Amygdalus communis, Common Almond, שקד מצוי

Tu Bishvat (ט"ו בשבט), "The New Year For the Trees"
Rosh HaShanah La'Ilanot (ראש השנה לאילנות)

Tu B'Shvat begins sundown Tuesday evening, February 03, 2015 and ends at nightfall on Wednesday, February 04, 2015 (15th of Sh'vat, 5773)
  • Sun, 24 January 2016 (15th of Sh'vat, 5776)

Tu Bishvat is the Rosh HaShanah La'Ilanot (ראש השנה לאילנות) "new year of the trees", because by that date, "most of the rain has already fallen."
Winter has already passed its peak, and fresh new growth can begin.
Tu B'Shevat, the fifteenth of Shvat is mentioned for the first time in the Mishna (1st-2nd century) as one of the four New Years of the Jewish calendar (The Torah did not mention Tu B'Shevat).
There is a dispute as to the proper date for the holiday; Beit Shammai said the proper day was the first of Shevat; Beit Hillel said the proper day was the 15th of Shevat (tractate Rosh Hashana, folio 2b).
In 1908 the Jewish National Fund and Jewish education system, adopted the custom of school children and their teachers going out to the fields and mountains to plant saplings. The planting of trees was turned into a symbol of the participation of the individual in the national project of redemption.
Tu B'Shevat symbolizes the revival of nature and of the renewed ties between the Jewish people and its land.
Different institutions choose that day as their inauguration day:
The cornerstone of the Hebrew University in Jerusalem was laid in 1918;
The Technion in Haifa in 1925;
The Knesset - the Parliament of Israel in 1949.

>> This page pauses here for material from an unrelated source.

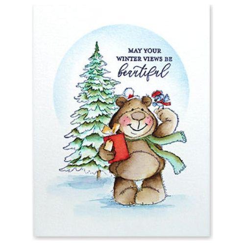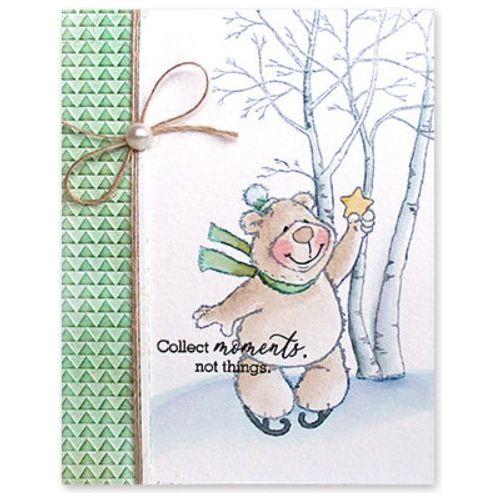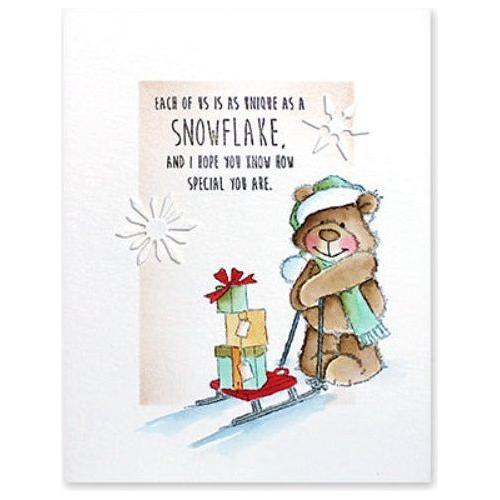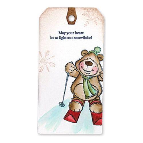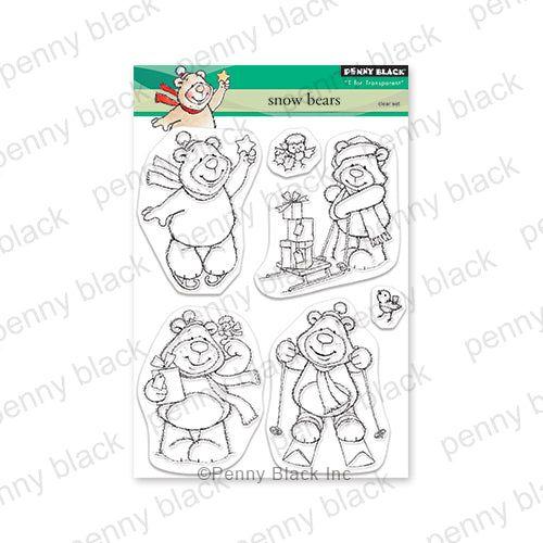 The Penny Black Clear Stamps Snow Bears is a 5x6.5 inch clear stamp set that features adorable bears engaged in various winter activities, including ice skating, skiing, holding gifts, and pulling a sled of presents. There is also a cute little bird.

It is a date used by farmers as a basis to calculate the annual yield of fruits, in order to know the amount of the tithe that the Bible requires.
Leviticus 27:30: 'Thus all the tithe of the land, of the seed of the land or of the fruit of the tree, is the LORD'S; it is holy to the LORD (a tithe -from Old English teogo?a "tenth").
It also determines the beginning and end of the first three and four years of the tree's growth, during which it is forbidden to eat fruit from the trees.

Jotham's Parable (Judges 9: 7-21, Hebrew: mashal, משל יותם), allegorical story against the monarchy, has become a children's tale and in recent years is told on Tu B'shvat.
Jotham, the youngest son of Gideon and the only one left living besides Abimelech, escapes to Mount Gerizim, near Shechem and tells what has come to be known as Jotham's Parable, the story of "the trees who went forth to anoint a king over them."
He is using the metaphor of the the jujube to ridicule his older brother, Abimelech, who has unjustly annointed himself king, surrounded himself with yes-men and murdered all his brothers except for Jotham.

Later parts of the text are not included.